I am preparing for a Java exam and I am trying to understand operator precedence and compound assignment operators in depth. I played around with a few expressions which use compound assignment during the evaluation of an expression. However, I do not fully understand why these give the result that they do.
int a = 3, b = 0;
b += a *= (a *= (a *= 2));
// Result: a=54, b=54
What I expected:
//innermost expression evaluated first
//a = a * 2 = 6, so a assigned to 6; 6 returned
//Then next one is evaluated as:
//a = a * 6 = 36, so a assigned to 36; 36 returned
//The outermost expression evaluated as:
//a = 36 * 36 = 1296
//Finally, b = b + 1296, so b = 1296.
Instead, a = 54 is the answer.
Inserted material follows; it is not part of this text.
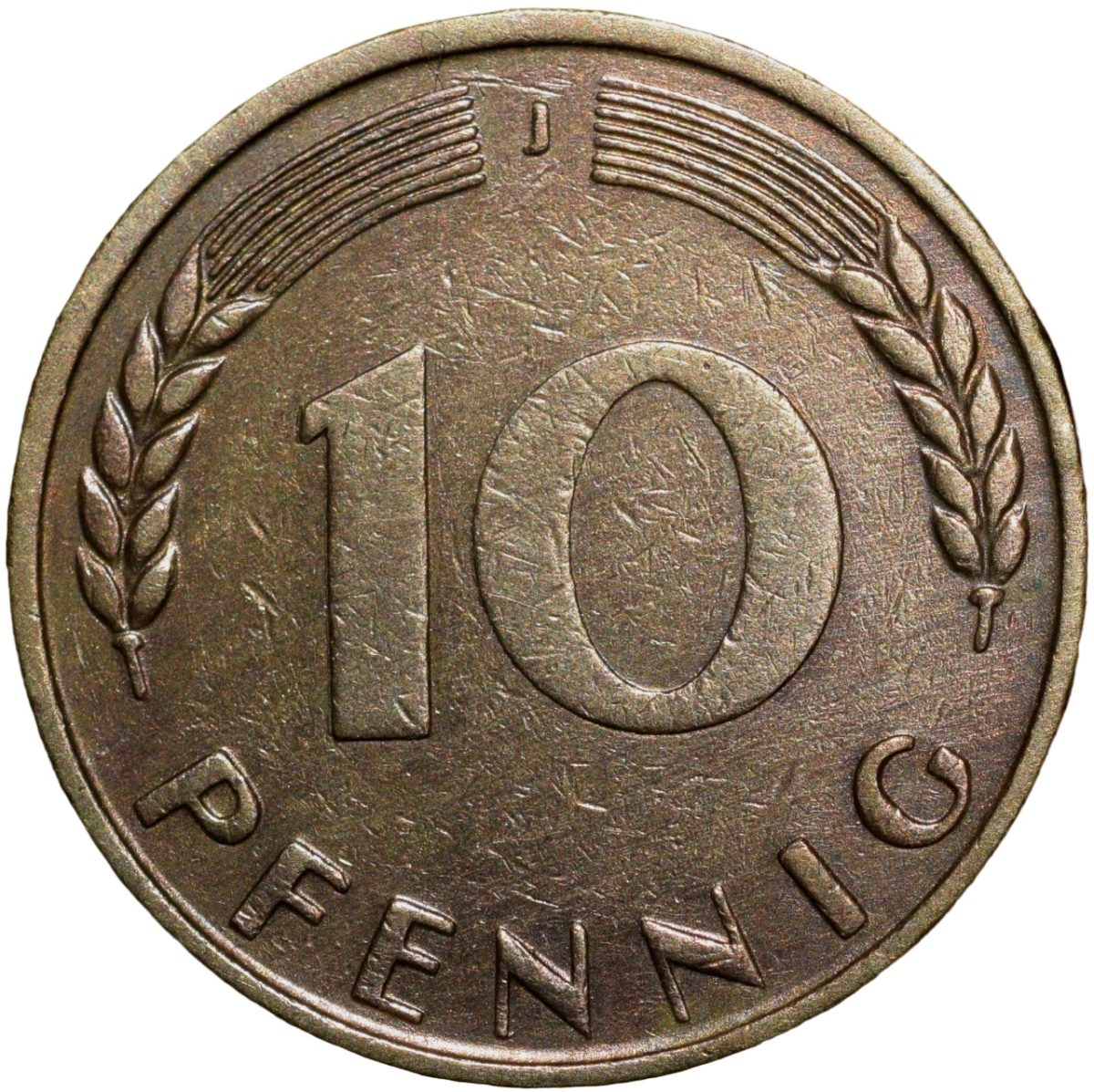 Germany Country, (AD 1950), Brass 10 Pfennings, Obv: Date & Inscription around Oak Sapling, Rev: Denomination, 4.03 Gms, 21.26 mm, Very Fine.

So during all three evaluations of "a *= 2", the old value of a is used instead, so the final answer is a = 3 * 3 * 3 * 2 = 54.
However, this expression behaves differently:
int c = 1, d = 0;
d += (c *= 2) + (c *= 5) + (c += 100);
// Result: c=110, d=122
If here the old value of c was used we would end up with c = 101 and d = 108. Instead, we end up with c = 2 * 5 + 100 = 110; meaning that in each of those evaluations of "c *= ..", the new (updated) value of c was used each time.
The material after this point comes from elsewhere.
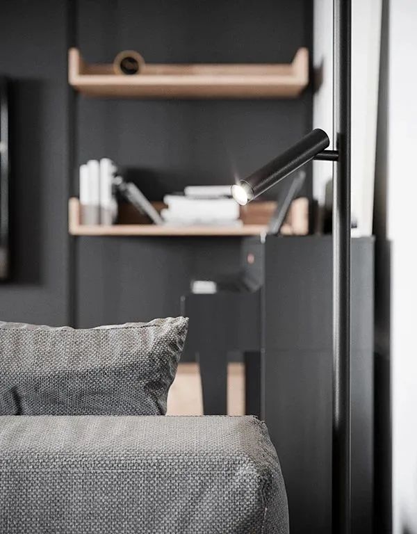 客廳處,設(shè)計師使用了開放式設(shè)計,營造出寬敞開闊的視覺感受。利用灰色的布藝沙發(fā)搭配格紋毛絨地毯,奠定空間整體的沉穩(wěn)高級基調(diào)。黑白灰的合理運用讓空間的色調(diào)和諧統(tǒng)一。閱覽區(qū)處的原木材質(zhì),點綴了整體黑白灰的空間,讓空間更加通透。

Question: why in the first example the original value of a gets used in the compound assignments, but in the second example the updated value of c gets used?
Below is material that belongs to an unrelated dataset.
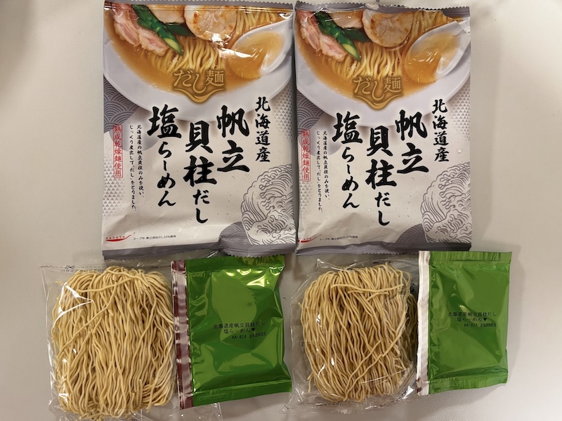 この「ほたて貝柱だし塩ラーメン」は、袋麺なので具は入っていませんが、スープが貝柱の香りと旨みたっぷり。

According to §15.26.2. Compound Assignment Operators:
At run time, the expression is evaluated in one of two ways. [...]
- the value of the left-hand operand is saved and then the right-hand operand is evaluated
This explains the behavior for the first expression.
According to §15.18. Additive Operators:
The additive operators have the same precedence and are syntactically left-associative (they group left-to-right).
The Java programming language guarantees that the operands of operators appear to be evaluated in a specific evaluation order, namely, from left to right.
Thus, the second expression is evaluated from left to right and side effects of updating the variables occur in that order.